YOUR TASK>
Beginning with the line that holds "Kuesioner Pariwisata Objek Wisata", copy every remaining line of the listing below exactly, and leave the pictures out.

GIVEN INFORMATION>
++++

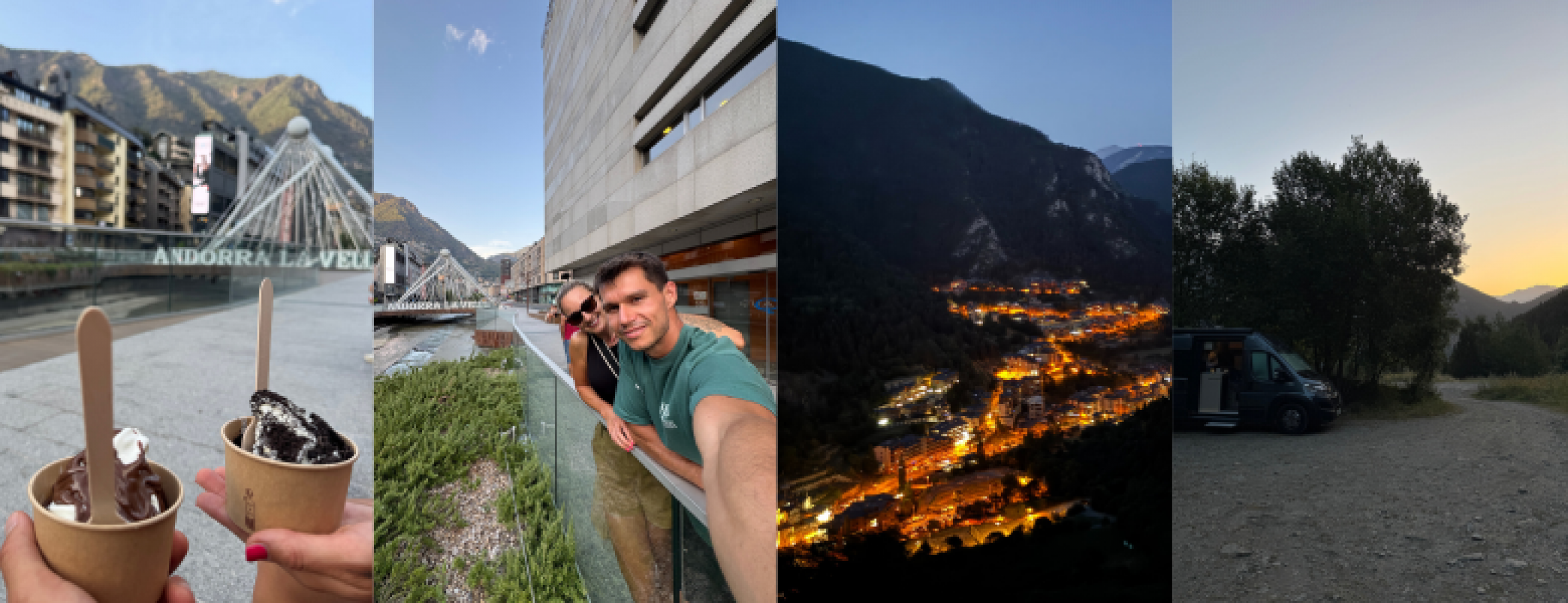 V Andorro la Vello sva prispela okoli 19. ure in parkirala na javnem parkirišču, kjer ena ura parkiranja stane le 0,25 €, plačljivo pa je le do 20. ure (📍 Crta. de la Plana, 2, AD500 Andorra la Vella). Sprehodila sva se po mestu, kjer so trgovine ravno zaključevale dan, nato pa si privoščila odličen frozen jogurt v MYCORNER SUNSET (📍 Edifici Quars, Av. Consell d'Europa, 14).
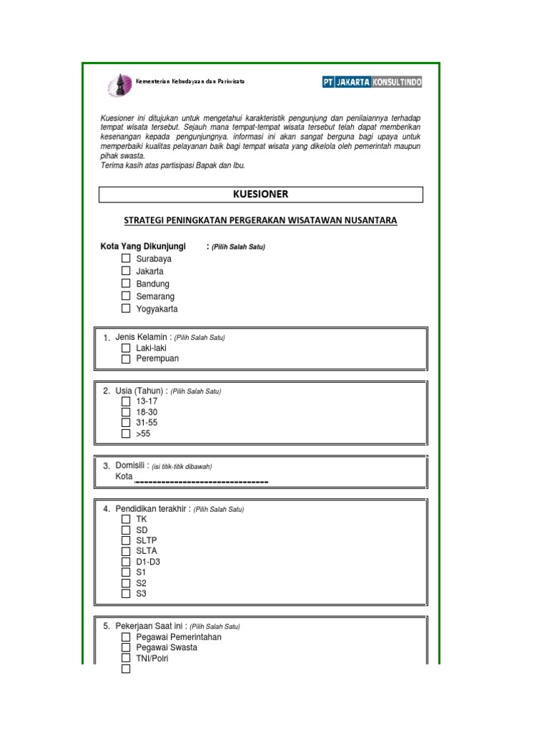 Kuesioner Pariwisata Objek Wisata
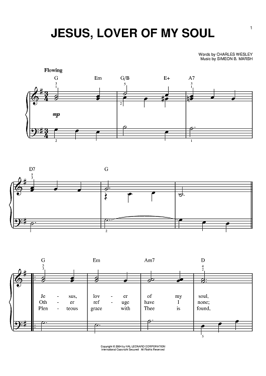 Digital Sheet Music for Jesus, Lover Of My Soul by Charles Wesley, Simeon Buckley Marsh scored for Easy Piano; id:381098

++++

SOLUTION FOR THIS EXERCISE>
 Kuesioner Pariwisata Objek Wisata
 Digital Sheet Music for Jesus, Lover Of My Soul by Charles Wesley, Simeon Buckley Marsh scored for Easy Piano; id:381098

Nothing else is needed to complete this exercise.